В восемь часов все мы, худо ли, хорошо ли, устроились на ночлег. Лоренсо, уложив меня почти с материнской заботливостью в гамак, улегся и сам.

– Тайта, – окликнула Руфина из своей спальни Бибиано, который лег вместе с нами в столовой. – Послужите, ваша милость, как поет верругоса на реке.

И в самом деле оттуда доносились звуки, похожие на квохтанье гигантской курицы.

– Предупредите ньо Лауреана, – продолжала девушка. – Пусть поостережется завтра утром.

– Слышишь, дружище? – спросил Бибиано.

– Да, сеньор, – отозвался Лауреан, – его, должно быть, разбудил голос Руфины; как я понял позже, она была его невестой.

– Что это здесь летает? – спросил я у Бибиано, додумав, уж не завелись ли у них летающие змеи.

– Летучая мышь, дружок, – отвечал он. – Только не бойтесь: когда спишь в гамаке, она не трогает.

Местные летучие мыши – настоящие вампиры, они могут высосать у человека всю кровь, если вопьются в нос или кончик пальца, но в самом деле их укусы не грозят тем, кто спит в гамаке.

Глава LVIII

…Изредка послышится вдали крик фазана…

Лоренсо разбудил меня еще до рассвета, я взглянул на часы: было около трех.

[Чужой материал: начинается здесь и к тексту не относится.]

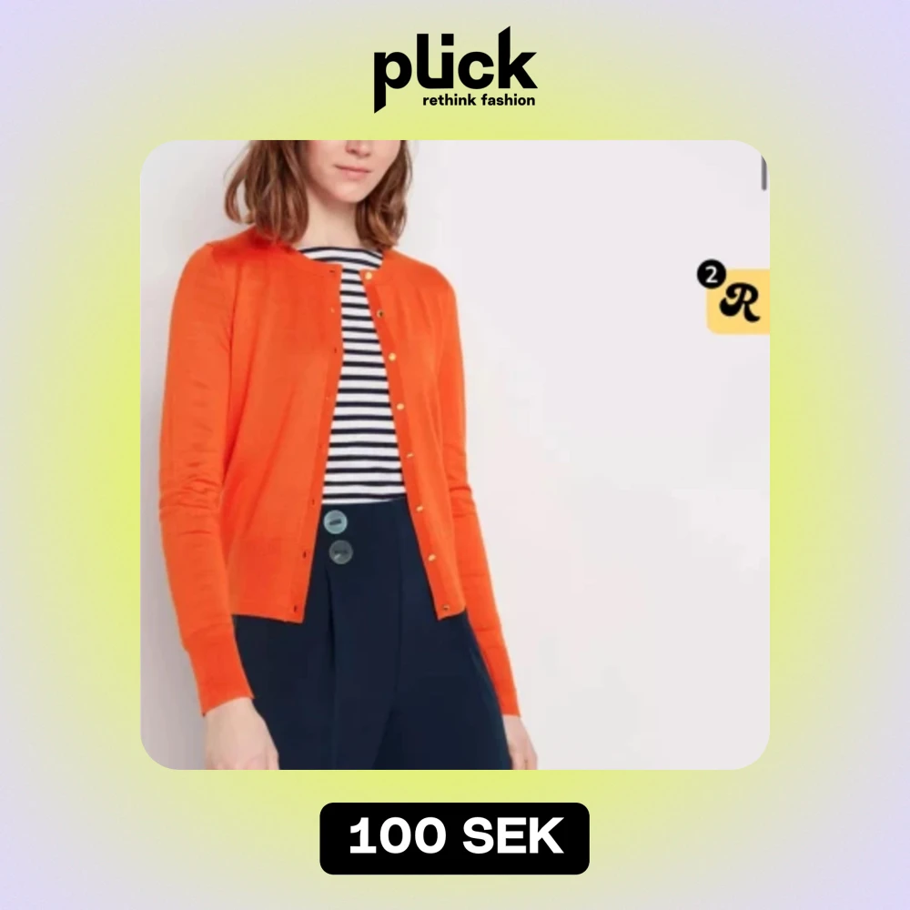 En orange kofta som ser ut att vara helt ny. Den är slutsåld på Lindex där orginaltrogen är 349 kr.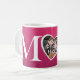 Adicione sua foto a esta caneca feita sob encomenda da foto do dia das mães! O fundo cor-de-rosa vibrante com coração claro dá forma no fundo. "MAMÃ tipográfica grande" em todos os bonés, onde a letra center é uma forma do coração.

Лунная ночь казалась пасмурным днем. В четыре, напутствуемые Бибиано и Руфиной, мы отчалили.

– Вот тут пела верругоса, кум, – предупредил Лауреан товарища, когда мы немного поднялись вверх по течению, – возьми в сторонку, подальше от этой гадины.

Я был защищен кровлей ранчо, и мне могла грозить опасность, только если бы змея проскользнула в каноэ, но набросься она на одного из гребцов, мы, пожалуй, пошли бы ко дну.

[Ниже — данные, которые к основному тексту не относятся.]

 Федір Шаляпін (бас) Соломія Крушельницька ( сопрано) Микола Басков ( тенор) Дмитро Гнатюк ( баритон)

Миновали мы это место благополучно, хотя, по правде говоря, не очень спокойно.

Наш завтрак был подобен вчерашнему, но с добавлением обещанного тападо. Чтобы приготовить его, Грегорио вырыл на берегу яму, положил туда завернутое в листья биао мясо с бананами и приправами, засыпал землей и поверх всего разжег костер.

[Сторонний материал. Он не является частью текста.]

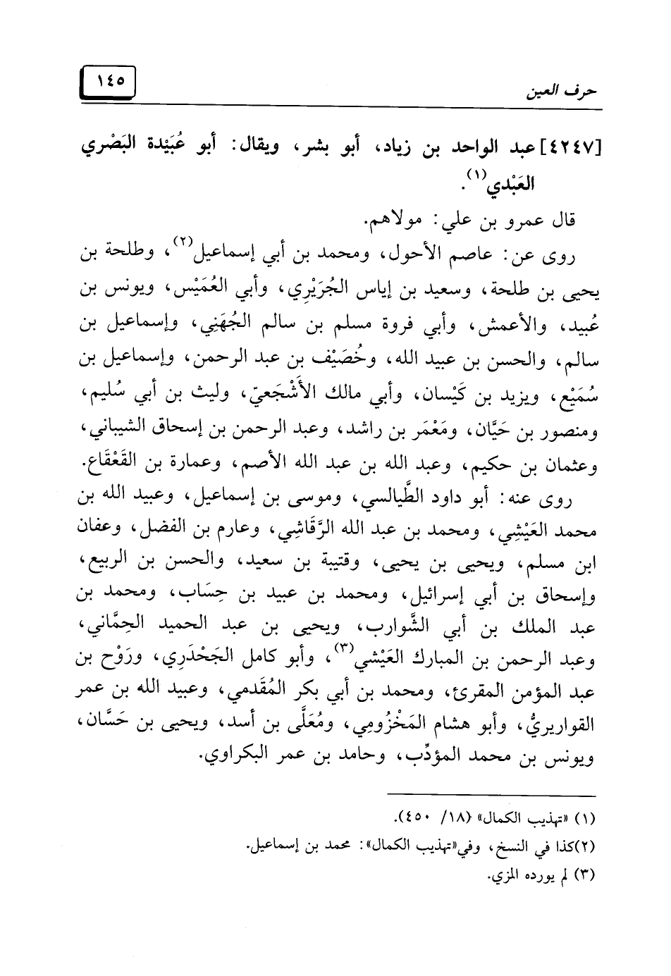 [٤٢٤٧] عبد الواحد بن زياد، أبو بشر، ويقال: أبو عُبَيْدة البَصْري العَبْدي (¬١).

Казалось невероятным, что в дальнейшем наше плавание может быть более тяжелым, чем до сих пор, однако случилось именно так: на реке Дагуа все возможно.

В два часа дня мы остановились в тихой заводи немного перекусить. Лауреан заглянул в лес и принес какие-то листья. Растерев их в тыквенной чашке с водой, пока не получилась зеленая жидкость, он процедил ее сквозь тулью своего сомбреро и выпил. Сок этих дурно пахнущих листьев негры считают единственным верным средством против свирепствующей на морском и речном побережье лихорадки.

Шесты, которые при плаванье вниз по течению постоянно пускают в ход, чтобы не разбить лодку, почти бесполезны, когда поднимаешься вверх. Оставив позади флеко, Грегорио и Лауреан то и дело после условного удара веслом прыгали в воду, и один тащил каноэ за крюк на носу, а другой толкал корму. Так обычно обходят пороги и водовороты; но там, где и это невозможно, существуют узкие обводные каналы, прорытые по берегам и настолько мелкие, что, поднимаясь по ним, каноэ скребет дном о гальку, а порой и застревает на более крупных камнях.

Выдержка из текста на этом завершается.